Coupling Electro-Fenton and Electrocoagulation of Aluminum-Air Batteries for Enhanced Tetracycline Degradation: Improving Hydrogen Peroxide and Power Generation.

Electro-Fenton (EF) technology has shown great potential in environmental remediation. However, developing efficient heterogeneous EF catalysts and understanding the relevant reaction mechanisms for pollutant degradation remain challenging. We propose a new system that combines aluminum-air battery electrocoagulation (EC) with EF. The system utilizes dual electron reduction of O2 to generate H2O2 in situ on the air cathodes of aluminum-air batteries and the formation of primary cells to produce electricity. Tetracycline (TC) is degraded by ·OH produced by the Fenton reaction. Under optimal conditions, the system exhibits excellent TC degradation efficiency and higher H2O2 production. The TC removal rate by the reaction system using a graphite cathode reached nearly 100% within 4 h, whereas the H2O2 yield reached 127.07 mg/L within 24 h.
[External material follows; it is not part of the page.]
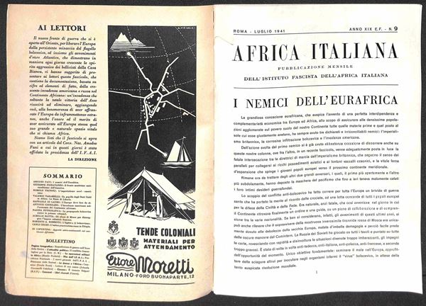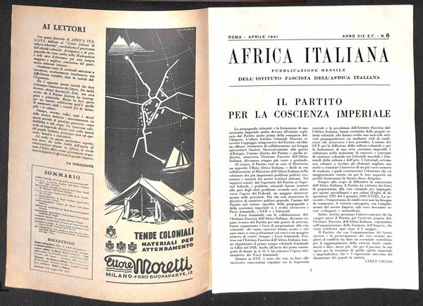 1941 (marzo/luglio) - Africa Italiana - quattro fascicoli della rivista (29/33 - n. 5 + 6 + 7/8 + 9) - in perfetto stato di conservazione

The experimental results show that the novel EF and EC composite system of aluminum-air batteries, through the electroflocculation mechanism and ·OH and EF reactions, with EC as the main factor, generates multiple •OH radicals that interact to efficiently remove TC. This work provides novel and important insights into EF technology, as well as new strategies for TC removal.